Alternatively, one can use machine learning methods for the generation of structures.111 In particular, in the area of organic molecules that follow basic valence rules of Simplified Molecular Input Line Entry System (SMILES) strings, recurrent neural networks (RNNs) or transformers are powerful in completing or generating new sequences of strings. RNNs and transformers have been developed to treat data sequences such as data in natural language processing or voice recognition. To guide and control the generation toward the properties of interest, one powerful approach is Monte Carlo tree search (MCTS). MCTS is used in reinforcement tasks, which involve real-time decision-making for the next moves, e.g., in playing games112 or control, with a large, complex, and open-ended solution space. In analogy, we can think of the completion of a SMILES string as an open-ended process with a target: we win if the properties of interest improve (see Figure 6c). This approach has been found to be effective for exploring chemical space for different applications, such as MOFs for gas adsorption,113 synthesis planning,114,115 and the design of drug molecules.116

A desired property to circumvent the expensive optimization in discrete, enormous chemical space is to develop continuous and differentiable representations of chemical structures. If we couple these continuous representations with a generative model that converts a point in the continuous space to a chemical structure, we can perform direct gradient-based optimization of properties. Variational autoencoders (VAEs) are machine learning models that try to do this by learning a lower-dimensional representation of the data that is sufficient to regenerate the original data (Figure 6b).
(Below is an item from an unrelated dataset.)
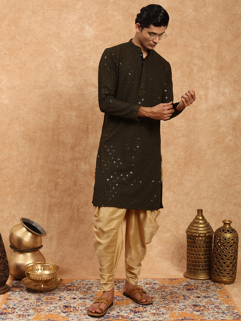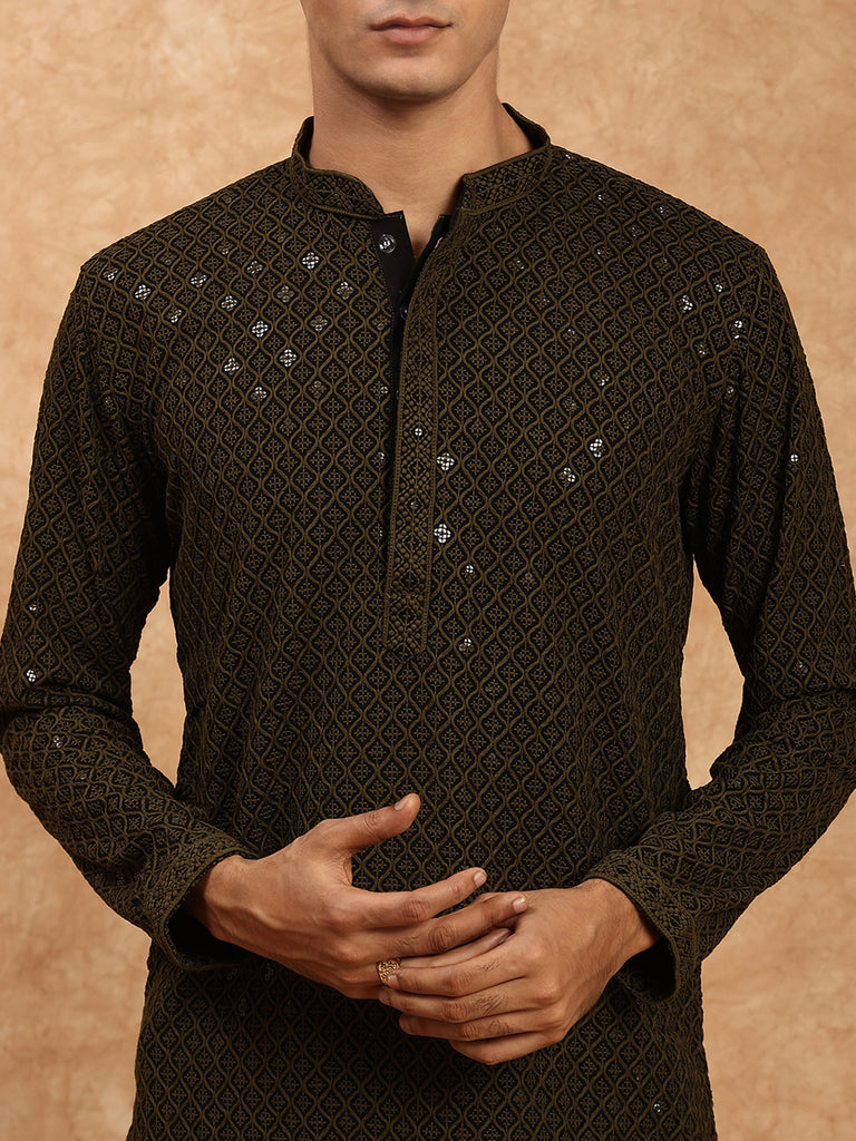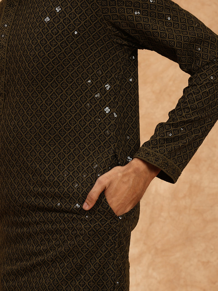 Sanwara Premium Rayon Stylish Chikankari Olive Green Kurta Set for Men

The chief component of a VAE is the lower-dimensional representation, which is called the latent space. By mapping data points to their probability distribution functions in the latent space, we can reach the continuous representation of chemical structures. This approach has recently been applied to organic molecules,117,118 small molecular graphs,119 solid-state materials,120 and porous materials.121

An alternative method is generative adversarial networks (GANs). One neural network (the generator) generates new samples, and another one (the discriminator) tries to classify the generated data and some training data as fake or real (Figure 6d). The generator and the discriminator compete until the generator is so good that the discriminator does not have a better chance than 50% in distinguishing fake from real. GANs are finding their position in molecular and materials design,111 as exemplified by the generation of molecular graphs in MolGAN106 and an energy grid of guest molecules and zeolite structures in ZeoGAN.122

Synthesis and Autonomous Experimentation

To practically realize the aim of materials development, we need to be able to synthesize the promising candidates discovered in the previous steps. However, chemical synthesis is a complex, fuzzy process, and our theories are still too limited to guide us through it. Therefore, chemical synthesis mainly rests on unwritten heuristic rules that experienced chemists gain over the course of many experiments. Data-driven approaches are promising alternatives for inferring such chemical intuition if they are presented with a sufficient number of failed and successful experiments. This concept was demonstrated for the synthesis of organic,123,124 inorganic,125128 and MOF109 materials. Notably, these data-driven methods have the privilege that their predictive performance improves upon provision of more data.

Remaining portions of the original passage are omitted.